1.0.7 • Published 4 years ago

precise-json v1.0.7

Weekly downloads
10
License
MIT
Repository
github
Last release
4 years ago

precise-json

precise-json is a replacement for JSON.parse and JSON.stringify intended to prevent information of any kind, particularly numerical information, from being lost.

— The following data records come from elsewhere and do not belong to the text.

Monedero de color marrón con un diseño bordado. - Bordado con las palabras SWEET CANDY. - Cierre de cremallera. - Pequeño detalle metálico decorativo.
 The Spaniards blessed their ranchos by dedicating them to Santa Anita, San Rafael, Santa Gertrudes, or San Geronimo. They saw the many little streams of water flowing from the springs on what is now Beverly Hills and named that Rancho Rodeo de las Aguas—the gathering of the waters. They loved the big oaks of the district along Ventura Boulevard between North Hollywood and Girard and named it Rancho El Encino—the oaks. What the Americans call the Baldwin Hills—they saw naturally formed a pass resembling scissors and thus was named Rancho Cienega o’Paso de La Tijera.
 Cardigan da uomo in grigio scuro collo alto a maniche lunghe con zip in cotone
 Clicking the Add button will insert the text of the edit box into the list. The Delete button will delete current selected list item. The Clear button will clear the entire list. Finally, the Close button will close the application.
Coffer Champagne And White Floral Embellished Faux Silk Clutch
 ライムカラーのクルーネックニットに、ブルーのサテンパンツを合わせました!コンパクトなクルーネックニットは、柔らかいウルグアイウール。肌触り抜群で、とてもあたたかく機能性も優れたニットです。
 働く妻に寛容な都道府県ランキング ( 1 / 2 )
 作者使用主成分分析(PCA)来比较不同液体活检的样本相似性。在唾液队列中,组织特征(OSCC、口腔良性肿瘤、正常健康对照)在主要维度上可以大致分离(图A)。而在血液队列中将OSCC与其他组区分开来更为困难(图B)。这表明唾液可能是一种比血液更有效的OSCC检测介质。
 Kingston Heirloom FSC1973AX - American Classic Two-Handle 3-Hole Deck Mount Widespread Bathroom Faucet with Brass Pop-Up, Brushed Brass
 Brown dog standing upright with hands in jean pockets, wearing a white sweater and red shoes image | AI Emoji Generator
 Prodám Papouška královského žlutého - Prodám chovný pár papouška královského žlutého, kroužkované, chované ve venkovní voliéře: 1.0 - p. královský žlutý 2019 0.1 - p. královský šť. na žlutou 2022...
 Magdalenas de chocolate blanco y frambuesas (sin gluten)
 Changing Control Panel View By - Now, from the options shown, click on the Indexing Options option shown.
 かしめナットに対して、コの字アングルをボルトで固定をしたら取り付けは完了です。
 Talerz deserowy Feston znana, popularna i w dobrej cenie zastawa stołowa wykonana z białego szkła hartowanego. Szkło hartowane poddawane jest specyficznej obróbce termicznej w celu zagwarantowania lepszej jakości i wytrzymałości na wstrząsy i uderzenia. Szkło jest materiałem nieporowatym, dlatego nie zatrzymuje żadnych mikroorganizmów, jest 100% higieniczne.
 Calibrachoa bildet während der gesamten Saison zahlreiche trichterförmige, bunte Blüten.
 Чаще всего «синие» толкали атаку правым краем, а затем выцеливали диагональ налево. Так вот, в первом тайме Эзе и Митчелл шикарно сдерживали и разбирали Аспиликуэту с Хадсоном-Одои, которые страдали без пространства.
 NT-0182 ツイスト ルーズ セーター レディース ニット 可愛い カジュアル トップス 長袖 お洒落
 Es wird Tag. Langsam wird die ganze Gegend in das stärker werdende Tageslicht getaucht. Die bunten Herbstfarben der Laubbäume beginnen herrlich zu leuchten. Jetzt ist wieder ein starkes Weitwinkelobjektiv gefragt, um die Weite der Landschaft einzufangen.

If we construct a JavaScript object like so:

const obj = {a: 0.1}

then the actual numeric value of the obj.a, as seen and understood by the JavaScript programming language, is precisely

0.1000000000000000055511151231257827021181583404541015625

However, when we JSON.stringify this object:

JSON.stringify(obj) // '{"a":0.1}'

we notice that, despite the fact that every JSON specification allows numbers to have arbitrary precision, quite a lot of information has been silently lost. A very similar problem affects large numbers:

JSON.stringify({a: 90071992547409904}) // '{"a":90071992547409900}'

And information can also be silently lost at parse time:

JSON.parse('{"a":0.1}') // {a: 0.1000000000000000055511151231257827021181583404541015625}

precise-json is the solution to these problems. As we see here:

npm install precise-json
import preciseJson from 'precise-json'

preciseJson.stringify({a: 0.1})
// '{"a":0.1000000000000000055511151231257827021181583404541015625}'

preciseJson.stringify({a: 90071992547409904})
// '{"a":90071992547409904}'

preciseJson.parse('{"a":0.1000000000000000055511151231257827021181583404541015625}')
// {a: 0.1}

preciseJson.parse('{"a":0.1}')
// throws an exception

preciseJson.stringify(value)

Works like JSON.stringify(value) but throws an exception if you attempt to stringify any of the following:

  • undefined
  • Infinity, -Infinity or NaN
  • a symbol
  • a function
  • a sparse array (e.g. [,,,4])
  • an array with non-numeric keys (e.g. const arr = []; arr.foo = 'bar')
  • a non-extensible object
  • an object with
    • a symbol property
    • a read-only property
    • an accessor (getter/setter) property
    • a non-configurable property
    • a non-enumerable property
  • any object whose prototype is not Array.prototype or Object.prototype, such as
    • a Date
    • a boxed String, Number or Boolean
    • a Map, Set, WeakMap or WeakSet
    • any typed array
  • an object whose prototype has been altered using __proto__ or Object.setPrototypeOf
    • wherever possible

The idea is that any information which cannot be preserved in the JSON format and then theoretically read back by a JSON parser at the far end is not suitable for stringification. Contrast with JSON.stringify, which silently replaces unstringifiable values with nulls and does other puzzling, ambiguating things.

Additionally,

  • stringified numbers are output with the complete decimal expansion, regardless of how large or small they are, instead of being rounded/truncated
  • the number -0 is output complete with its leading minus sign.

This means that if the JSON parser at the far end is capable of losslessly parsing arbitrarily large integers and arbitrarily precise decimals and negative zero, it has the opportunity to do so. Remember, that parser need not be JSON.parse! It could, for example, be:

preciseJson.parse(string)

This is much less likely to be useful to you, unless the JSON string which you are parsing was originally constructed by preciseJson.stringify.

As with preciseJson.stringify, the idea is to prevent information from being lost. preciseJson.parse works exactly like JSON.parse except that it throws an exception if it attempts to parse any of the following:

  • a number which cannot be precisely represented as a JavaScript number
  • an object with duplicate keys

This means that e.g. preciseJson.parse('{"a":0.1}') will fail. However, preciseJson.parse('{"a":0.1000000000000000055511151231257827021181583404541015625}') will work just fine, returning an object {a: 0.1}. Additionally, the ambiguity of '{"a":0,"a":1}' is now helpfully and permanently resolved in the way it should always have been: with an error.